• _Problem statement_:
Please copy the records below word for word, leaving out the pictures.

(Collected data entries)
----

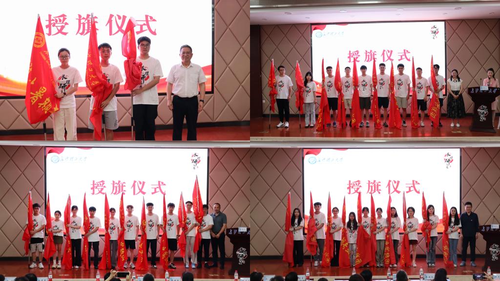 会上,与会领导为研究生暑期专业实践团队授旗。
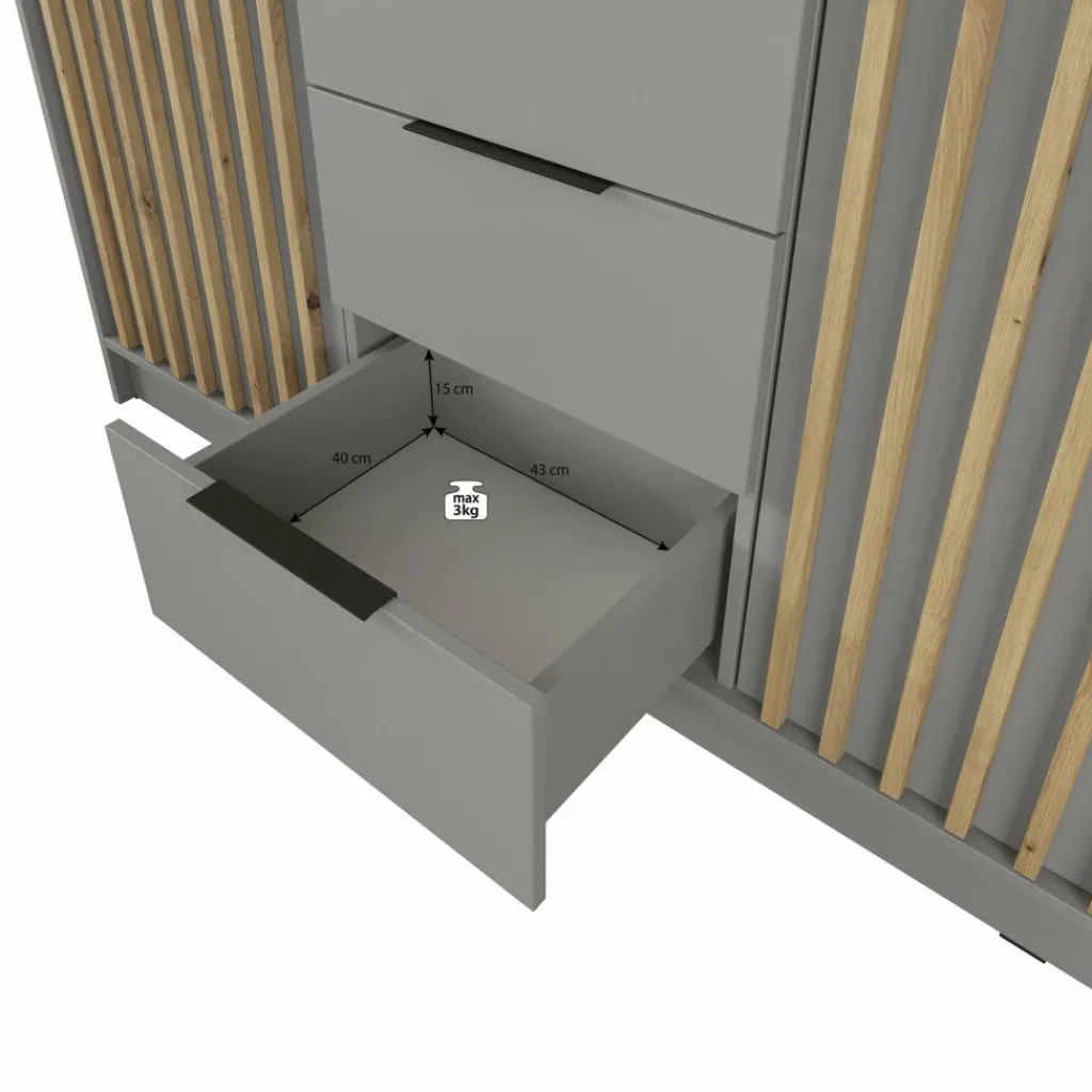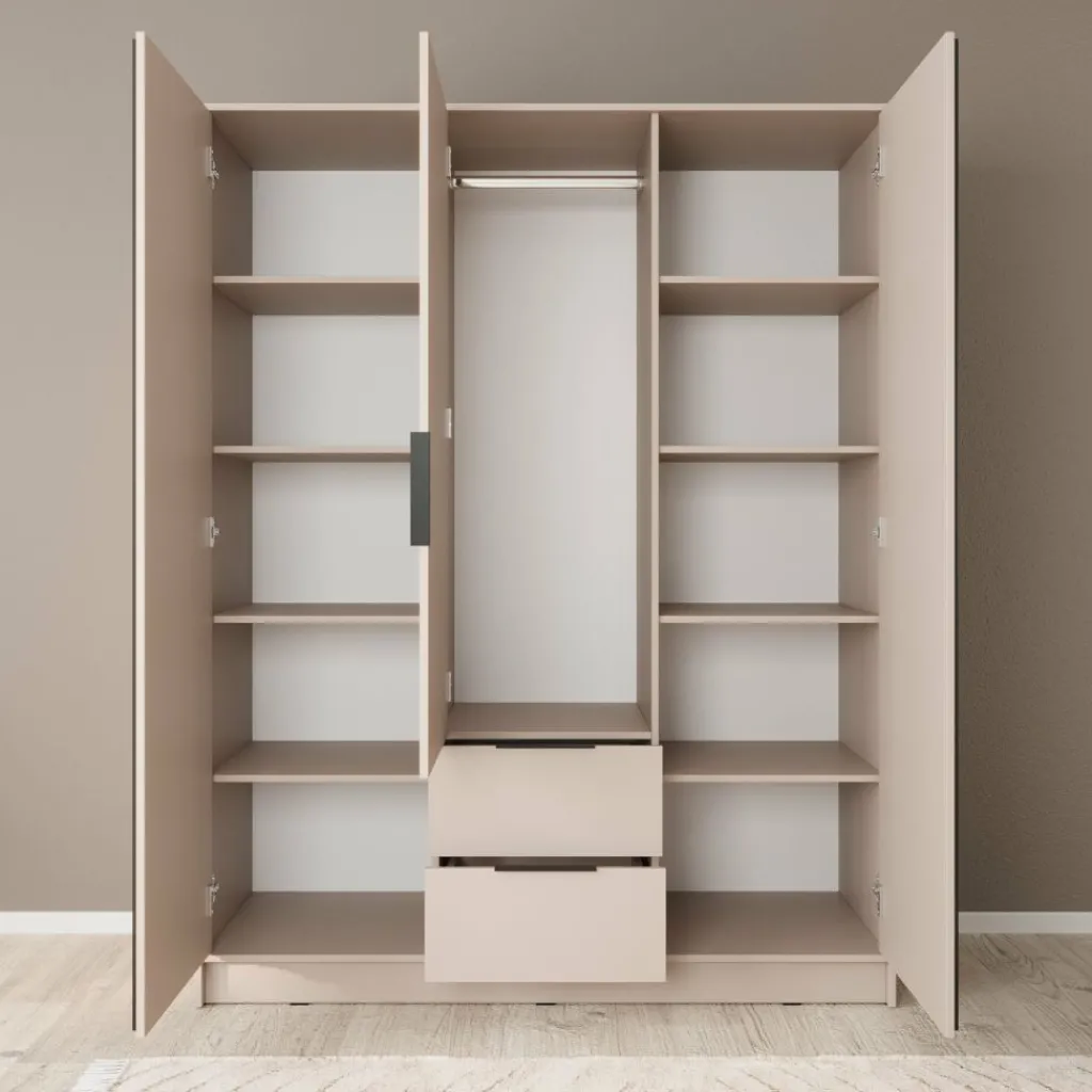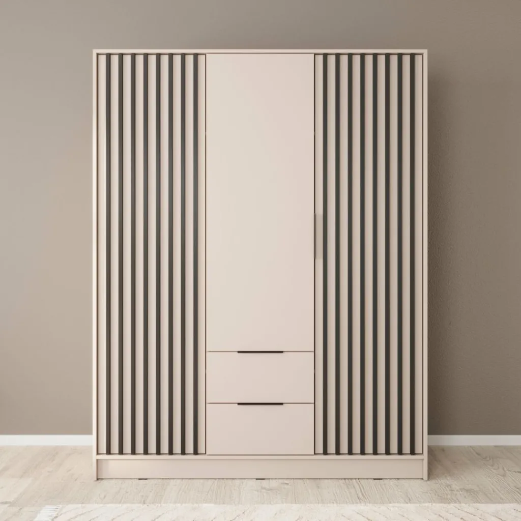 Kledingkast Nairobi is een garderobekast met ruime opbergmogelijkheden. Dit model is voorzien van drie klapdeuren. Het binnenwerk bestaat uit tien legplanken. In het midden van de kast is er een mogelijkheid om kleding op te hangen op de daarvoor bestemde kledingstang. Daaronder bevinden zich twee handige opberglades. Dit model is afgewerkt in beige kleur met zwarte latjes.
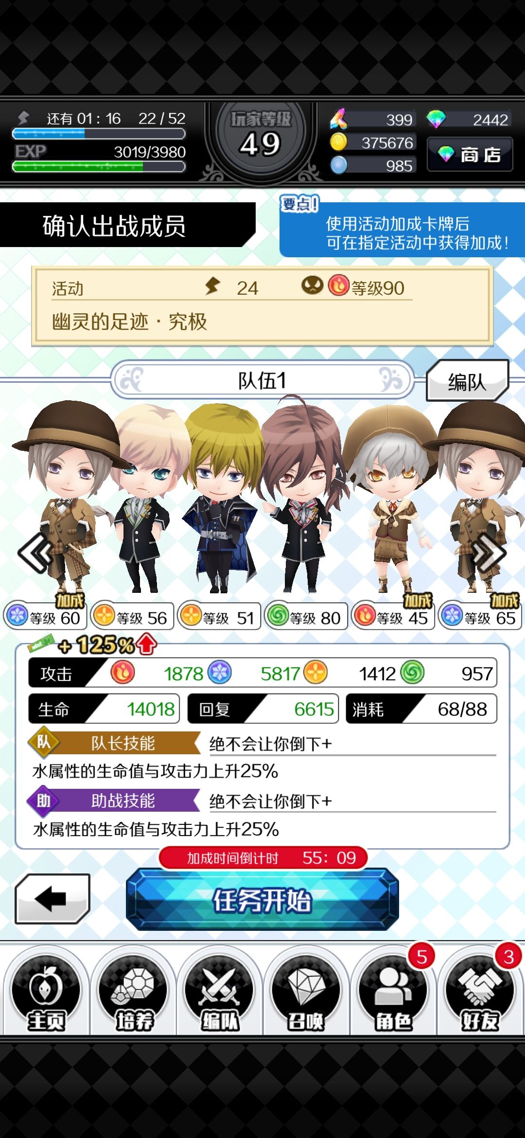 如果说练度还要更低,可以试试凑个水属性多一些队,靠着输出+回复+延时磨死。不过活动卡加倍还是挺凶的。
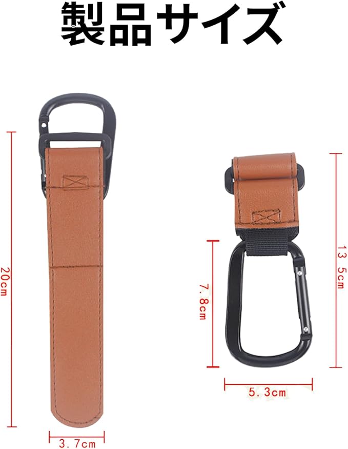 【材質】高級PUレザーと高強度アルミ合金製フックを採用したベビーカー荷物フック2個セット。耐摩耗性に優れ、最大耐荷重は約20kg。
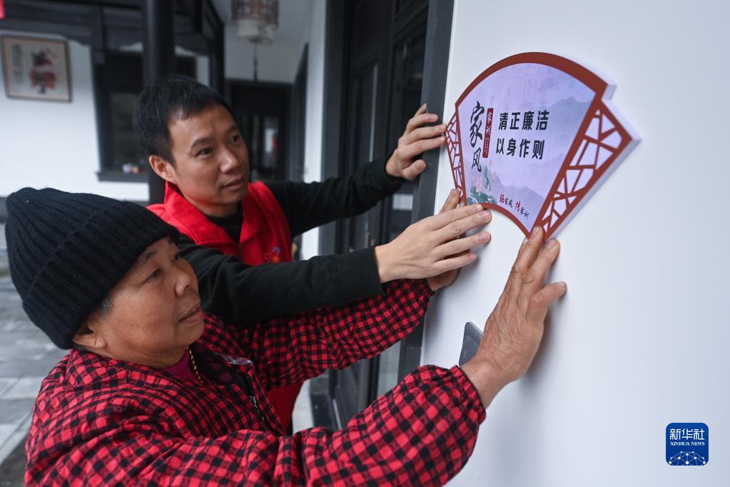 12月9日,在杭州市臨安區(qū)太陽(yáng)鎮(zhèn)上莊村,黨員志愿者和村民一起把清廉家風(fēng)的宣傳牌掛在墻上。

----

• _Solution_:
 会上,与会领导为研究生暑期专业实践团队授旗。
 Kledingkast Nairobi is een garderobekast met ruime opbergmogelijkheden. Dit model is voorzien van drie klapdeuren. Het binnenwerk bestaat uit tien legplanken. In het midden van de kast is er een mogelijkheid om kleding op te hangen op de daarvoor bestemde kledingstang. Daaronder bevinden zich twee handige opberglades. Dit model is afgewerkt in beige kleur met zwarte latjes.
 如果说练度还要更低,可以试试凑个水属性多一些队,靠着输出+回复+延时磨死。不过活动卡加倍还是挺凶的。
 【材質】高級PUレザーと高強度アルミ合金製フックを採用したベビーカー荷物フック2個セット。耐摩耗性に優れ、最大耐荷重は約20kg。
 12月9日,在杭州市臨安區(qū)太陽(yáng)鎮(zhèn)上莊村,黨員志愿者和村民一起把清廉家風(fēng)的宣傳牌掛在墻上。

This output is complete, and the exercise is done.